*** Opening of DATA PROVIDED ***

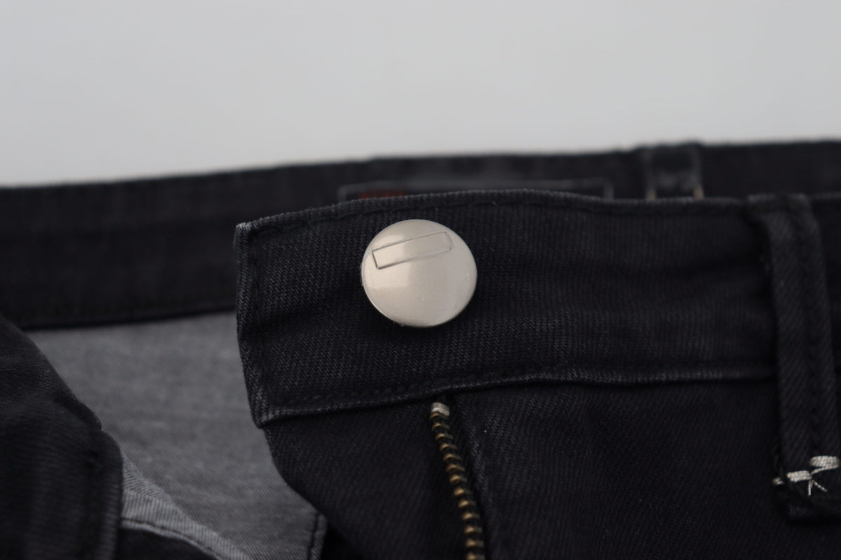 Acht Schwarz gewaschene Baumwolle Skinny Frauen Casual Denim Jeans - IT40|S
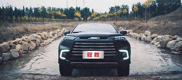 驭胜前脸采用了一个大面积的六边形进气格栅,入眼让人过目难忘。新款的车标采用的是“JMC”,与前LED大灯左右对称,一气呵成,霸气中多了几分运动气息。
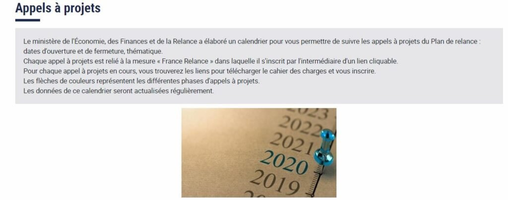 plan de relance, plusieurs appels à projets rattachés à des mesures de « France Relance »
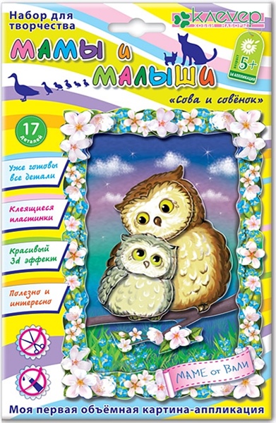 НАБОР Д/АППЛИКАЦИИ 3D СОВА И СОВЕНОК *КЛЕВЕР* АРТ. АБ 19-001
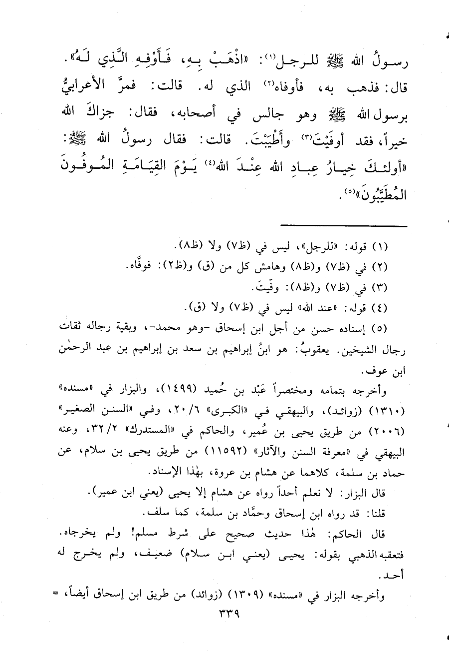 رَسُولُ اللهِ صَلَّى اللهُ عَلَيْهِ وَسَلَّمَ لِلرَّجُلِ: (١) " اذْهَبْ بِهِ، فَأَوْفِهِ الَّذِي لَهُ " قَالَ: فَذَهَبَ بِهِ، فَأَوْفَاهُ (٢) الَّذِي لَهُ. قَالَتْ: فَمَرَّ الْأَعْرَابِيُّ بِرَسُولِ اللهِ صَلَّى اللهُ عَلَيْهِ وَسَلَّمَ وَهُوَ جَالِسٌ فِي أَصْحَابِهِ، فَقَالَ: جَزَاكَ اللهُ خَيْرًا، فَقَدْ أَوْفَيْتَ (٣) وَأَطْيَبْتَ. قَالَتْ: فَقَالَ رَسُولُ اللهِ صَلَّى اللهُ عَلَيْهِ وَسَلَّمَ: " أُولَئِكَ خِيَارُ عِبَادِ اللهِ عِنْدَ اللهِ (٤) يَوْمَ الْقِيَامَةِ الْمُوفُونَ الْمُطِيبُونَ " (٥)
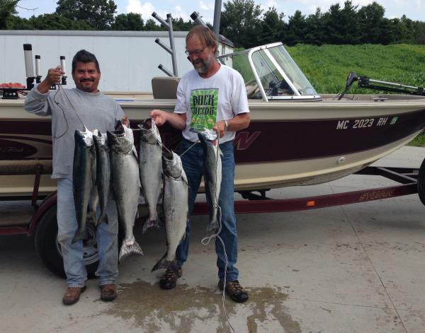 Two of us fished this morning till 10:30am, ended 4 for 4. Caught 3 four year old Salmon, biggest was 16#. One Steelhead--6# Total catch was 43#.
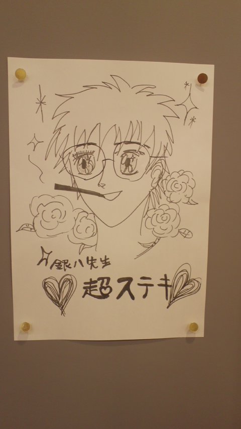 もーすんげえ人が群れててでんでん撮影しきらなかった、下駄箱…。銀さんピンクスリッパなのはいいとして、あのドヤァ君も皆と同じ上履きを地味に履きこなしてるらしいあたりは、ぜひ記録したかったのに…
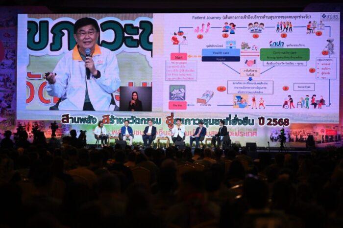 พลังชุมชนอภิวัฒน์ระบบสุขภาวะ สสส.-เครือข่ายร่วมสร้างชุมชนท้องถิ่นน่าอยู่ เสริมศักยภาพชุมชนท้องถิ่นกว่า 500 ตำบล ประกาศเจตนารมณ์ 12 ประเด็น 34 เป้าหมาย ผลักดันคุณภาพชีวิตผู้สูงอายุ-สุขภาพจิต-ลดหนี้ครัวเรือน-ระบบอาหารชุมชน-รับมือภัยพิบัติ-ควบคุมบุหรี่-บุหรี่ไฟฟ้า-เสริมศักยภาพเด็กและเยาวชนพัฒนา-เสริมความเข้มแข็งของประเทศ ขับเคลื่อนสุขภาวะชุมชนยั่งยืน
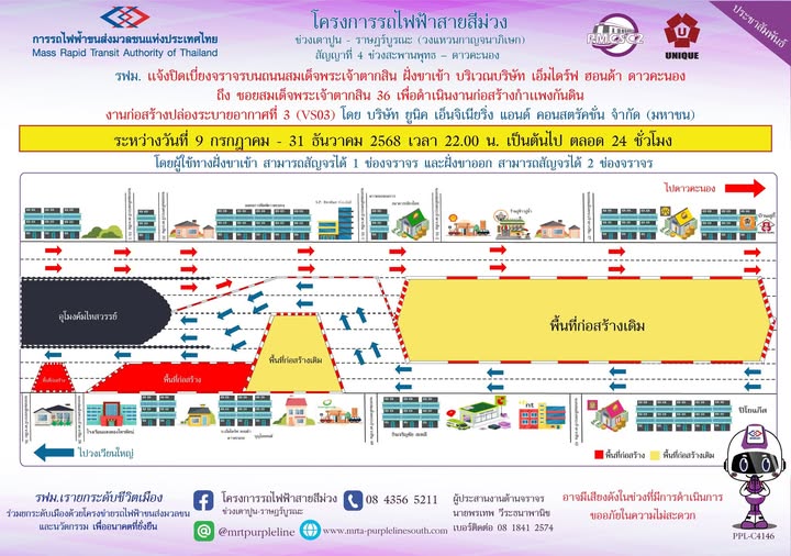การรถไฟฟ้าขนส่งมวลชนแห่งประเทศไทย (รฟม.) แจ้งว่า บริษัท ยูนิค เอ็นจิเนียริ่ง แอนด์ คอนสตรัคชั่น จำกัด (มหาชน) ผู้รับจ้างงานออกแบบและก่อสร้างอุโมงค์ทางวิ่งและสถานีใต้ดิน โครงการรถไฟฟ้าสายสีม่วง ช่วงเตาปูน - ราษฎร์บูรณะ (วงแหวนกาญจนาภิเษก) สัญญาที่ 4 ช่วงสะพานพุทธ - ดาวคะนอง มีความจำเป็นต้องปิดเบี่ยงจราจรบนถนนสมเด็จพระเจ้าตากฝั่งขาเข้า บริเวณบริษัท เอ็มไดร์ฟ ฮอนด้า ดาวคะนอง ถึง ซอยสมเด็จพระเจ้าตากสิน 36 เพื่อดำเนินงานก่อสร้างกำแพงกันดิน งานก่อสร้างปล่องระบายอากาศที่ 3 (VS03) ระหว่างวันที่ 9 กรกฎาคม – 31 ธันวาคม 2568 เวลา 22.00 น. เป็นต้นไป ตลอด 24 ชั่วโมง โดยผู้ใช้ทางฝั่งขาเข้า สามารถสัญจรได้ 1 ช่องจราจร และฝั่งขาออก สามารถสัญจรได้ 2 ช่องจราจร
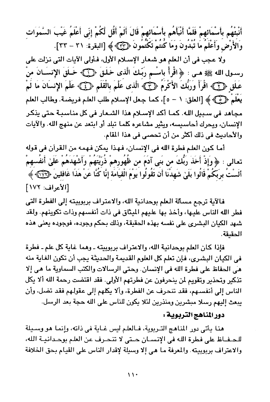 هنا يأتي دور المناهج التربوية، فالعلم ليس غاية في ذاته، وإنما هو وسيلة للحفاظ على فطرة الله في الإنسان حتى لا تنحرف عن العلم بوحدانية الله، والاعتراف بربوبيته، والمعرفة ما هي إلا وسيلة لإقدار الناس على القيام بحق الخلافة
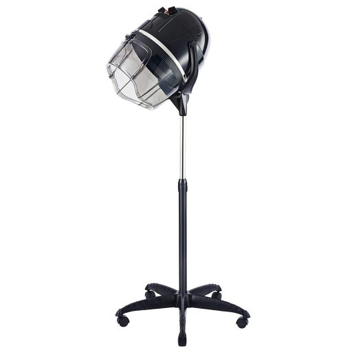 Průhledný kryt umožňuje kontrolu vlasů během sušení, zatímco chromovaná kovová konstrukce a odolné plastové prvky zajišťují dlouhou životnost. Stabilní základna o průměru 60 cm poskytuje pevnou oporu, zatímco 220 cm dlouhý napájecí kabel zajišťuje dostatečný dosah při umístění.
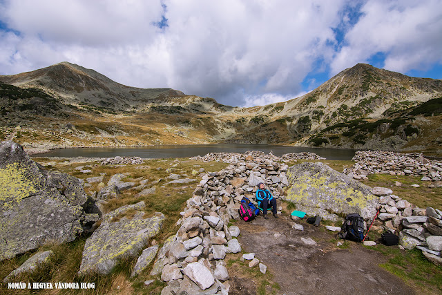 | És igen, felértünk, itt a Bukura-tó. 2040 méteres magasságban járunk, körülöttünk 300-500 méterrel magasabb csúcsok, hágók, nyergek.... |
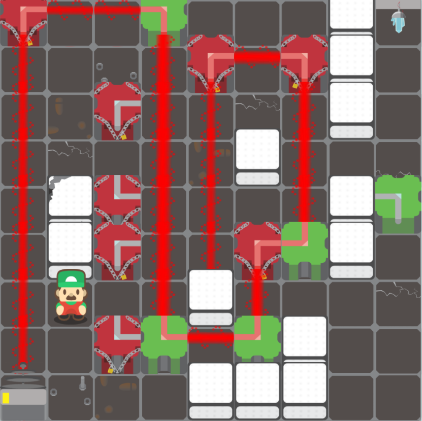 Afin de simplifier l'action, et principalement sur mobile, un pathfinding a été mis en place, j'ai participé à ses réglages et son adaptation avec le laser bloquant une partie des déplacements.
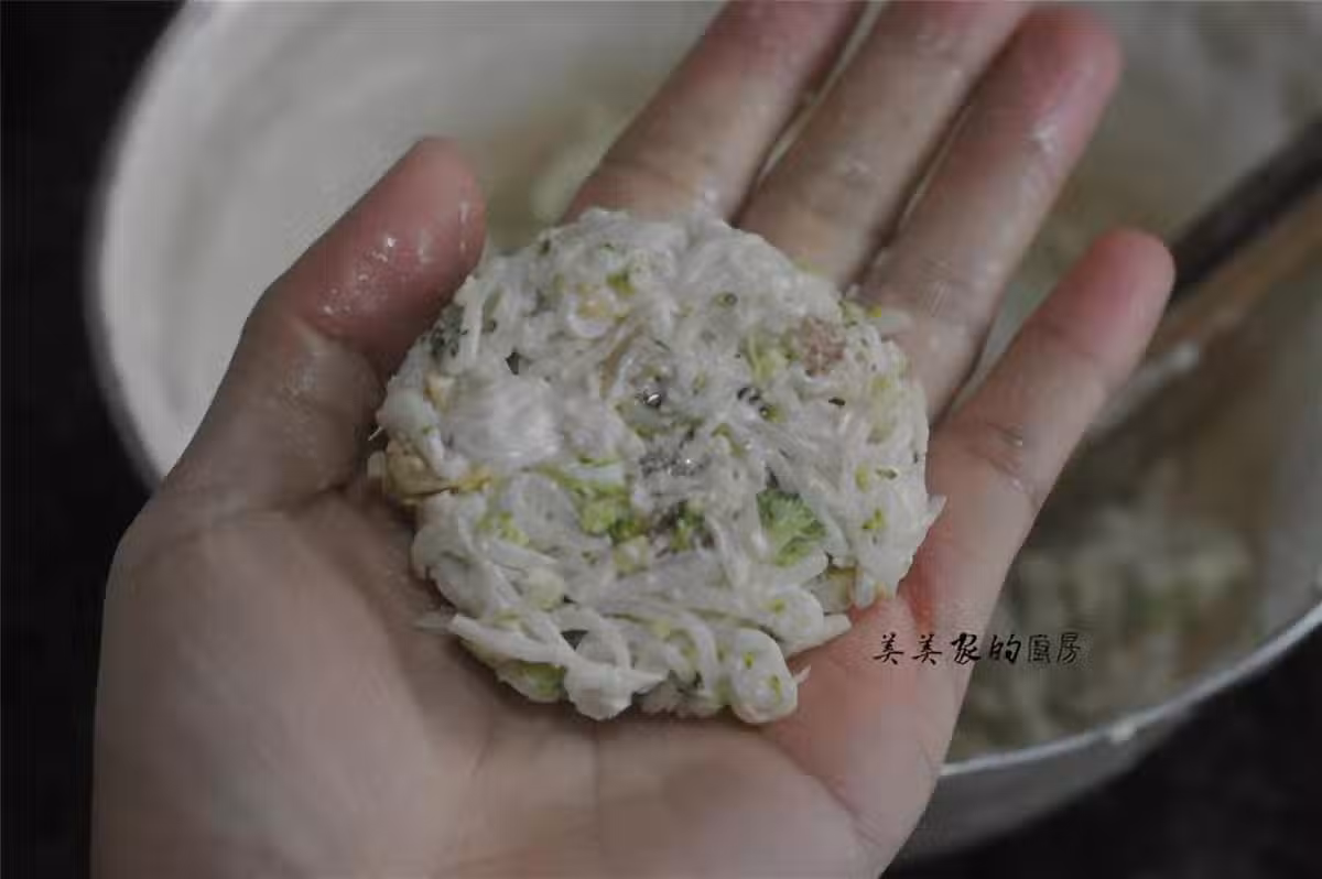 用力將蘿卜絲捏成團,蘿卜絲成團後,放在手心稍微壓扁。
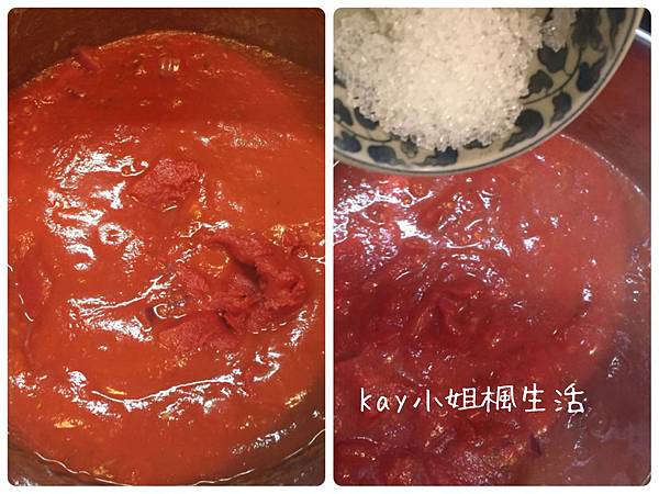 。除番茄膏外,倒入所有的番茄醬(包括原粒番茄的醬汁),拌勻煮沸(到有開始冒泡)。
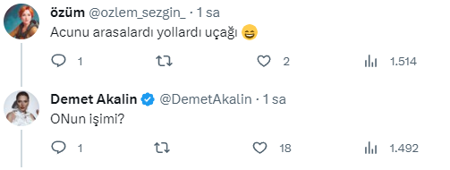 Demet Akalın'a bir takipçisi "Acun'u arasalardı yollardı uçağını" yorumunu yapınca ünlü şarkıcı "Onu işi mi" yanıtını verdi.
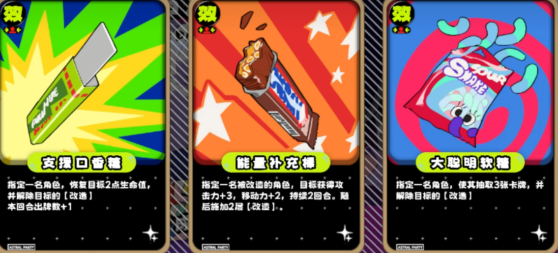 改造buff具有倒计时属性:角色每次行动结束后自动减少一层持续时间,归零时触发自爆,伤害数值等同于当前生命值。该机制虽具威胁性,但存在明确应对手段——地图中央新增特殊地块支持消耗五星币进行随机抽卡,三类糖果卡牌功能各异:软糖、口香糖可立即清除改造buff;士力架则延长其剩余持续时间。因此,高效积攒星币成为本图资源管理的首要目标,建议优先清理基础怪物“盒子”以稳定获取收益。
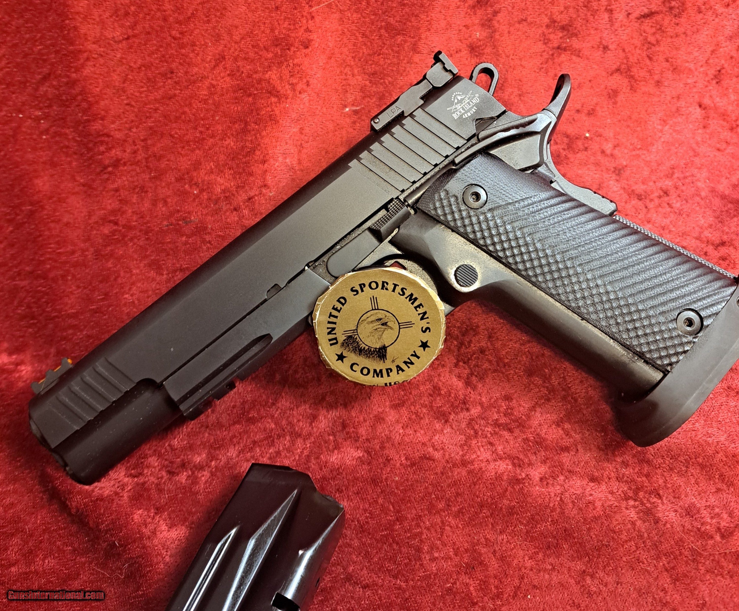 Description: Rock Island Armory M1911 A2 Rail .22 TCM 5" bbl SKU#56877 1911 Performance and Rock Island reliability Get ready to experience: power, precision, and performance. The TCM TAC Ultra FS is crafted from rugged 4140 Ordnance steel and fine-tuned with expert hand-fitting. This pistol is built to dominate the range. Designed to fire the original Armscor 22 TCM at a blistering 2000+ fps, it delivers penetrating impact with shockingly light recoil. Giving you the tactical edge with every shot! The 5-inch barrel, double-stack Flared magwell, and 17-round capacity make it a force to be reckoned with. While the skeletonized hammer and trigger, adjustable rear sight, and fiber optic front sight ensure pinpoint accuracy. Comfort comes from the G10 grips and legendary 1911 grip angle. Along with the Picatinny rail for your choice of light/laser combo. This pistol is engineered for serious performance. Whether you're hitting the range or looking for a high-velocity powerhouse, the TCM TAC Ultra FS HC is ready to impress. Don’t miss your chance to own this unstoppable machine! The 22TCM caliper is less likely to ricochet with the high FPS and available soft-point and hollow-point projectile! ARMOR SERIES ADVANTAGES + Increases Reliability + Reduces Maintenance + Improves Wear Resistance + Enhances Corrosion Protection + Reduces Holster Wear Armor Series from RAI: Enhances the wear resistance and improves reliability. This is not just a coating, it means that this model comes with a diamond-like carbon coating designed to drastically increase reliability, durability, and performance. Caliber: -22TCM- Brand: -ROCK ISLAND ARMORY- Model: -1911- Capacity: -17- Action Type: -Semi- Condition or Percentage: -New- Barrel Length Inches: -5"- OAL Inches: -8.75- Additional Info: -56877- SOLD |
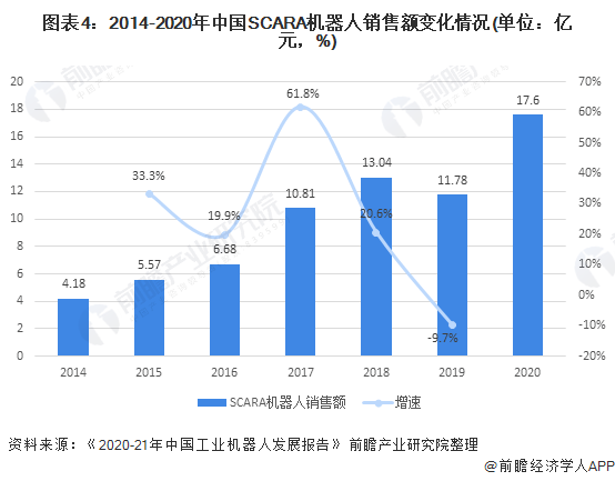 此外,在产品性能与产品应用场景方面,并联机器人与SCARA机器人其实有着极强的延展性与互补性。将并联机器人的稳定性特点融入SCARA机器人之中,打造又快又稳的SCARA机器人,无论是对于SCARA机器人市场还是对于阿童木机器人来说都意义深远。在市场机遇方面,近年来,在众多种类工业机器人产品中,SCARA机器人的发展非常迅速,同时其需求量也上升较快。
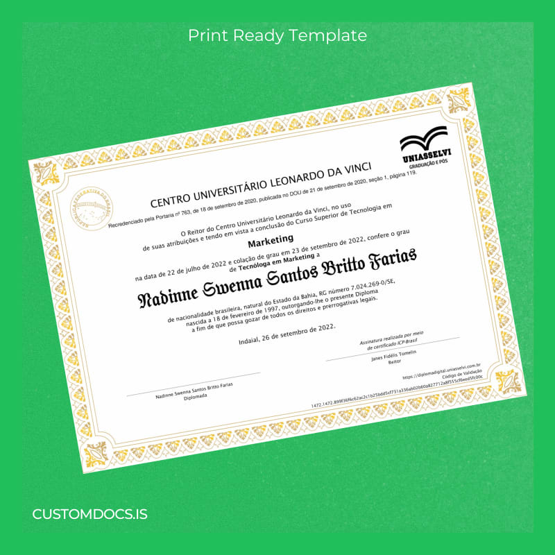 The Brazil Centro Universitário Leonardo da Vinci Technology Degree in Marketing Template – Word & PDF offers a fully editable and print-ready digital document that replicates the original with precision. Designed for marketing professionals and graduates who need a swift and professional diploma replacement, this template is a reliable choice to regain confidence in your academic documentation.
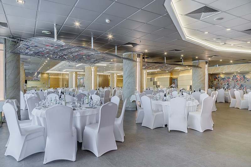 Грандиозный зал ресторана «Бета» площадью 600 м² - это воплощение изящной простоты и тепла гостеприимства, где каждая деталь создана для праздника. Изящная палитра бежевых и серебристых тонов наполняет пространство светом и уютом, создавая гармоничный фон для любого Вашего мероприятия! Будь то долгожданная свадьба, масштабный корпоративный праздник или трогательный юбилей — зал легко трансформируется под Ваши задачи.
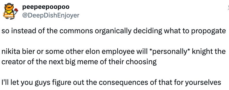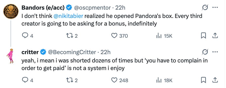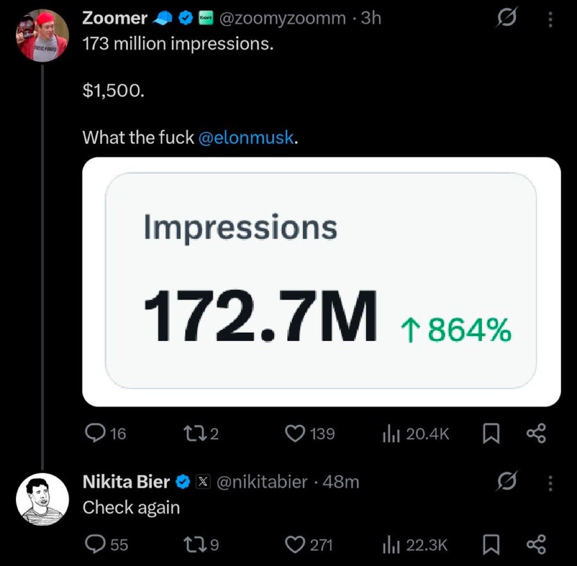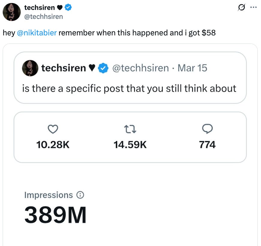 I remember when it happened and I considered posting it to MST, but ultimately decided it wasn’t funny or interesting enough. However, this week it became funny and interesting when Nikita Bier, the head of Product at X/Twitter, gave $10,000 in monetization cash to the guy who posted it after he complained that his monetization payout wasn’t proportional to the impressions of the post.
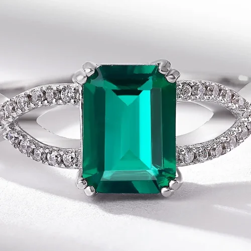 Women’s S925 Sterling Silver Retro Vintage Style Gemstone Twist Ring Colored Rectangular Emerald for Wedding Engagement

*** Close of DATA PROVIDED ***

GOAL OF THE EXERCISE: A verbatim reproduction is expected: starting at the line above that has "Demet Akalın'a bir", ending at the line that has "改造buff具有倒计时属性:角色每次行动", both included, and with no pictures and no other lines.

PROBLEM SOLUTION:
 Demet Akalın'a bir takipçisi "Acun'u arasalardı yollardı uçağını" yorumunu yapınca ünlü şarkıcı "Onu işi mi" yanıtını verdi.
 改造buff具有倒计时属性:角色每次行动结束后自动减少一层持续时间,归零时触发自爆,伤害数值等同于当前生命值。该机制虽具威胁性,但存在明确应对手段——地图中央新增特殊地块支持消耗五星币进行随机抽卡,三类糖果卡牌功能各异:软糖、口香糖可立即清除改造buff;士力架则延长其剩余持续时间。因此,高效积攒星币成为本图资源管理的首要目标,建议优先清理基础怪物“盒子”以稳定获取收益。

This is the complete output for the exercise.